Electrospun Nanofiber Meshes for the Repair of Bone Defects
Joel D. Boerckel, Georgia Institute of Technology
Fracture nonunion is a frequent clinical problem, with more than 500,000 grafting
procedures performed annually in the U.S. alone. In an attempt to solve this problem, tissue engineering research has focused on therapeutic strategies involving the delivery of biological agents along with biodegradable scaffolds. Electrospun nanofiber meshes are a unique type of scaffold that possesses structural features that scale-wise resemble the extracellular matrix.
They may be useful as a membrane to guide bone regeneration by host cells or as a delivery vehicle for exogenous cells in vivo. In order to identify conditions that best support osteoprogenitor cells bridging the defect, the mesh structure and composition can be modified to enhance cellular migration and osteogenic differentiation.
Recently it has been demonstrated that the triple-helical collagen mimetic peptide, glycine-phenylalanine-hydroxyproline-glycine-glutamate-arginine (GFOGER), enhances adhesion and osteogenic differentiation of progenitor cells by its interaction with the α2β1 integrin.
In addition, studies have shown that nanofiber alignment affects cellular morphology, proliferation and migration, as well as matrix deposition.
Recombinant human bone morphogenetic protein-2 (rhBMP-2) and rhBMP-7 have been
approved for the treatment of certain fractures, oral-maxillofacial applications and spinal fusion.

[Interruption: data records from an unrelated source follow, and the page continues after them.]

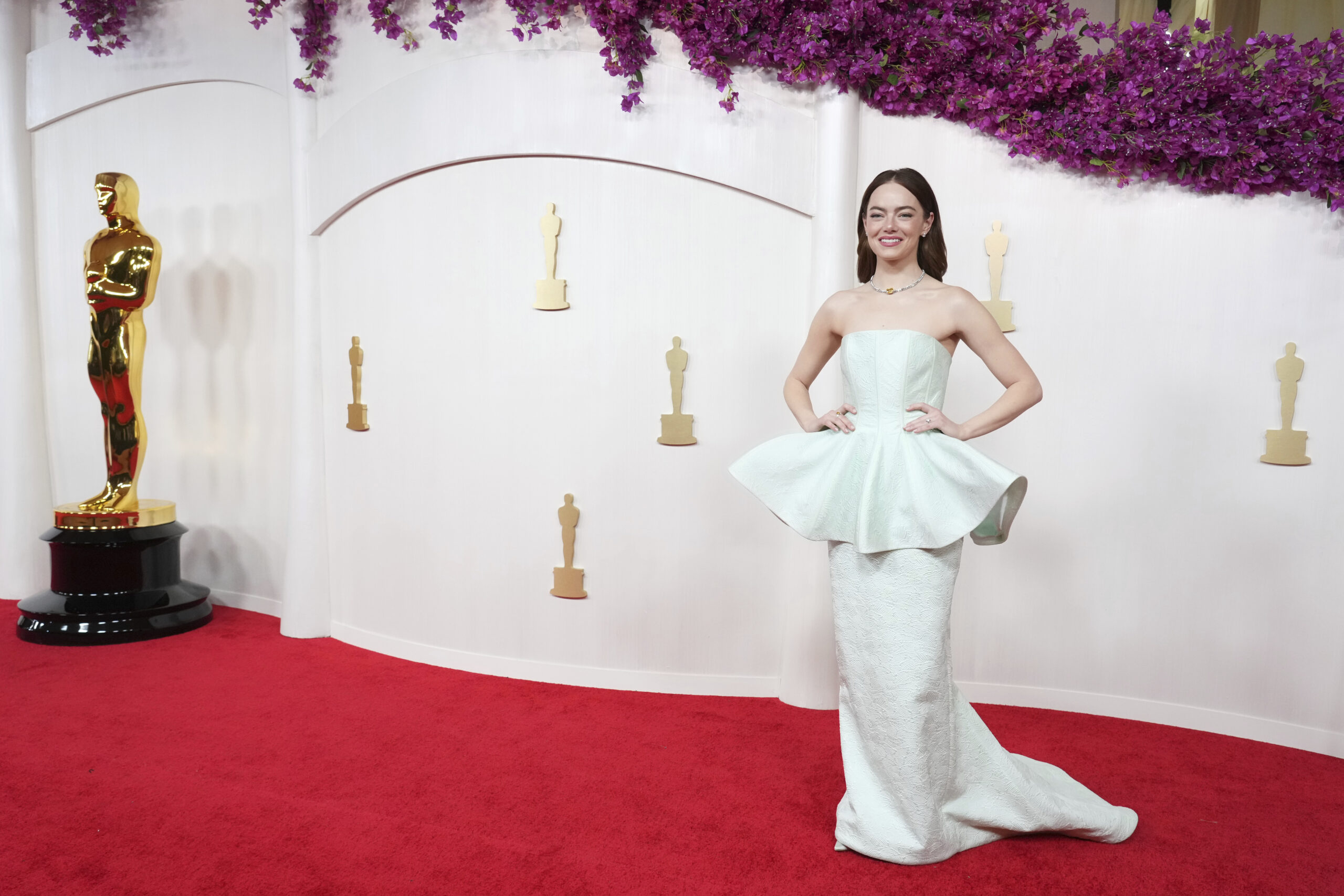 Novità effettiva di questa edizione degli Oscar 2024 sono state le nuance scelte. Rispetto al classico nero, sempre presente e spesso con effetti indiscutibili, ha fatto il suo ingresso il color pastello in diverse gradazioni ed intensità. Rappresentante più elegante di questa tendenza è, sicuramente, Emma Stone, fresca del suo secondo Oscar come miglior attrice protagonista per Povere Creature. In questo caso la scelta è caduta su un modello costum di Louis Vuitton. La storica maison francese, dunque, ha realizzato un modello unico per l’attrice traendo ispirazione, in qualche modo, dal personaggio di Bella Baxter. In questo caso, però, i volumi cambiano decisamente rispetto ai costumi di scena e agli autisti scelti dalla Stone durante le altre premiazioni cui ha presenziato.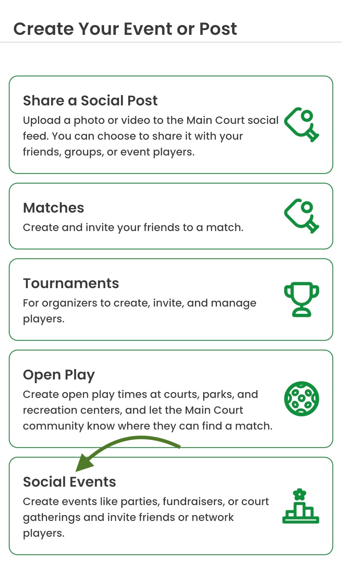 Social Events can be free or include a cost for participants, depending on the organizer's preferences. Follow these steps to create a new Social Event and engage with the Main Court community.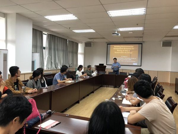 Chuck Wah Francis YU教授有30多年的从事室内空气品质和建筑环境相关研究的工作经验。Yu教授以可持续性建筑为中心,对比研究了欧洲、美国、韩国、香港等不同地区对建筑环境的评价体系,分析了影响建筑可持续化的关键因素,提出了自己对绿色建筑可持续发展的深入理解。YU教授宽广的国际视野、丰富的研究成果、严谨的治学精神,给我院师生留下了深刻印象,与会师生受益匪浅。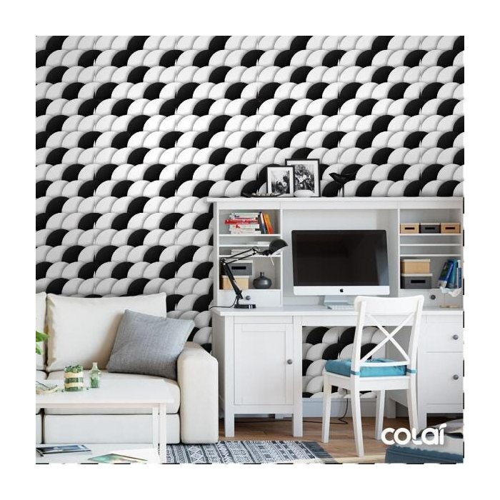 Papel De Parede Adesivo Lavável Circulos Brancos E Pretos 18M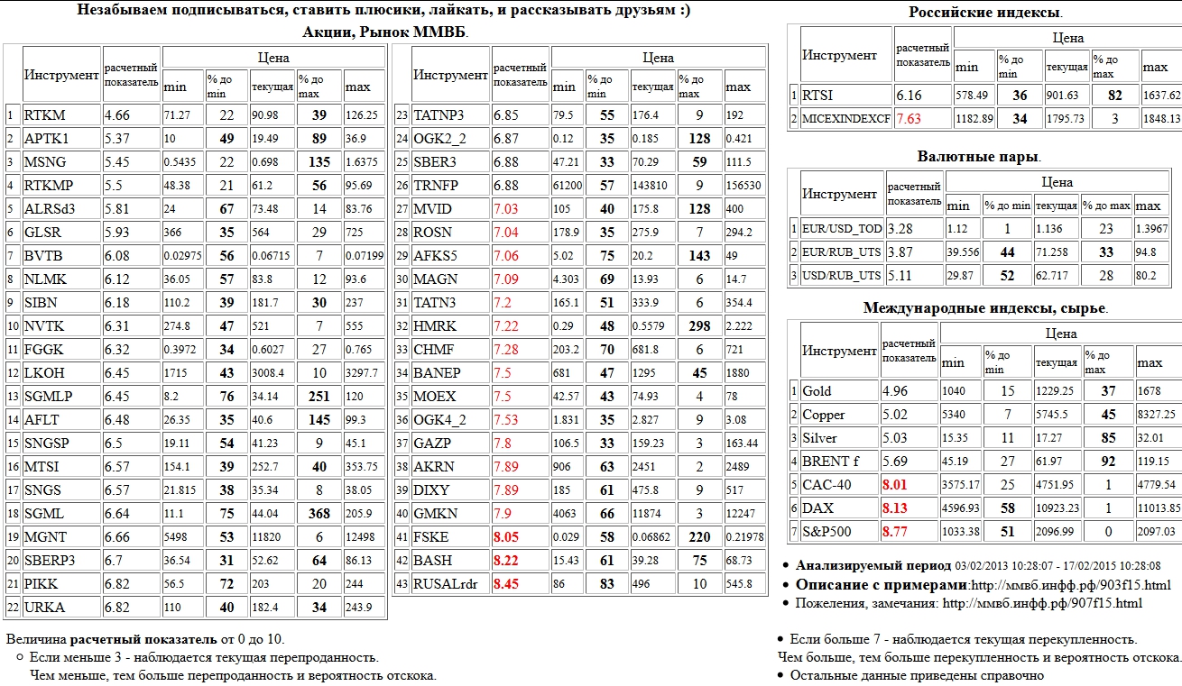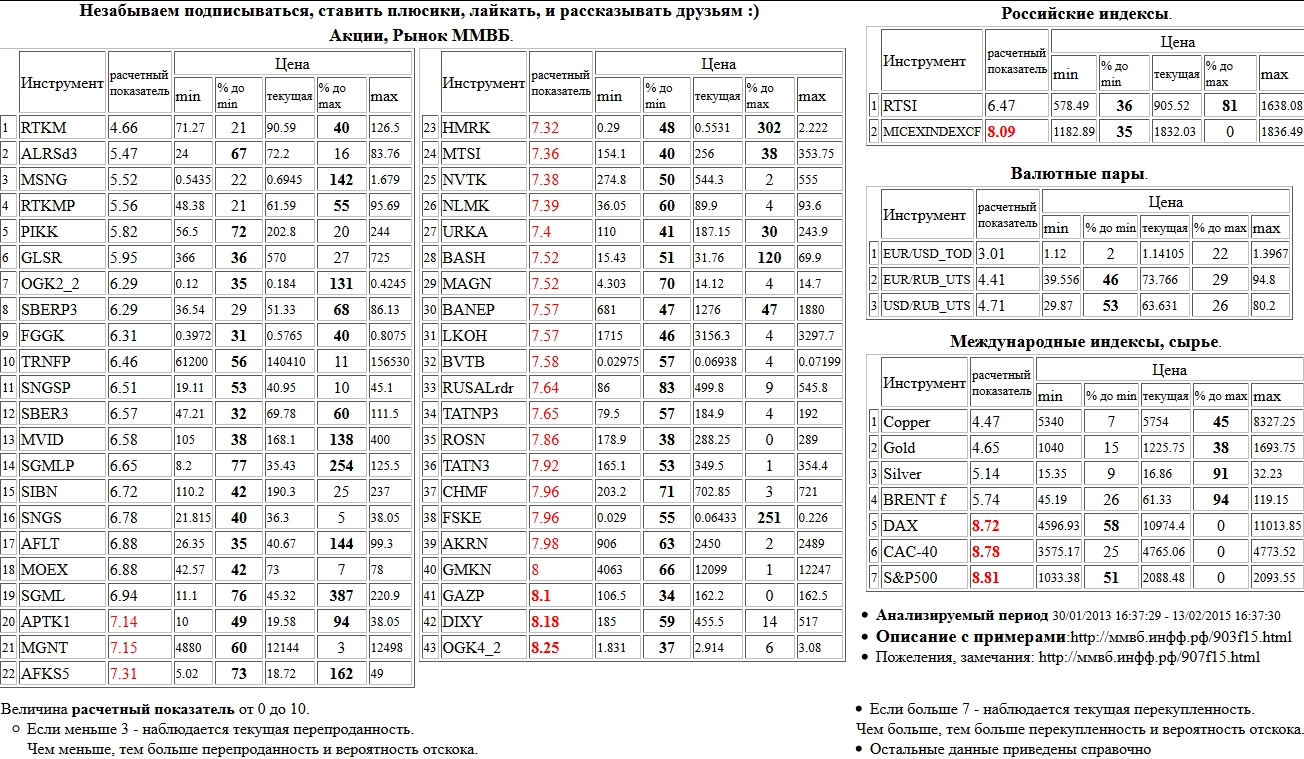 На 13/02/2015 16:35:33 при анализе акций рынка ценных бумаг ммвб, российских и международных индексов и валютных пар, сырья выявлено следующее - > Текущий анализ (архив, данные до 12.4.2016) - > Текущий анализ Сильно перекуплены : Дикси а.о. ( DIXY ), Э.ОН Россия(ОГК-4) а.о. 2 в ( OGK4_2 ), ММВБ Индекс акций ( MICEXINDEXCF ), Xetra DAX Index ( DAX ), Paris CAC-40 Index ( CAC-40 ), S&P 500 Index ( S&P500 )Перекуплены : Магнит а.о. ( MGNT ), Аптека 36,6 а.о. 1 в ( APTK1 ), НОВАТЭК а.о. ( NVTK ), АФК Система а.о. 5 в. ( AFKS5 ), Российские Сети а.о. ( HMRK ), Уралкалий а.о. ( URKA ), МТС а.о. ( MTSI ), НЛМК а.о. ( NLMK ), Лукойл а.о. ( LKOH ), ВТБ а.о. ( BVTB ), ММК а.о. ( MAGN ), Башнефть а.п. ( BANEP ), Распадская а.о. ( BASH ), RUSAL РДР 1:10 ( RUSALrdr ), Татнефть а.п. 3 в. ( TATNP3 ), НК Роснефть а.о. ( ROSN ), Татнефть а.о. 3 в. ( TATN3 ), Северсталь а.о. ( CHMF ), ФСК ЕЭС а.о. ( FSKE ), Акрон а.о. ( AKRN ), Газпром а.о. ( GAZP ), ГМК НорНикель а.о. ( GMKN )

Currently, these osteoinductive proteins are delivered in solution on a purified type I collagen matrix. Due to this bolus delivery of BMPs, high doses (3.5 – 12 mg) are required for obtaining a substantial healing response. The high doses have resulted in an increased cost and complications arising due to diffusion of the BMP away from the defect site. Numerous sustained delivery vehicles are being developed to improve protein pharmacokinetics in vivo. Spatial regulation of the protein is also important to maximize efficacy and minimize side effects.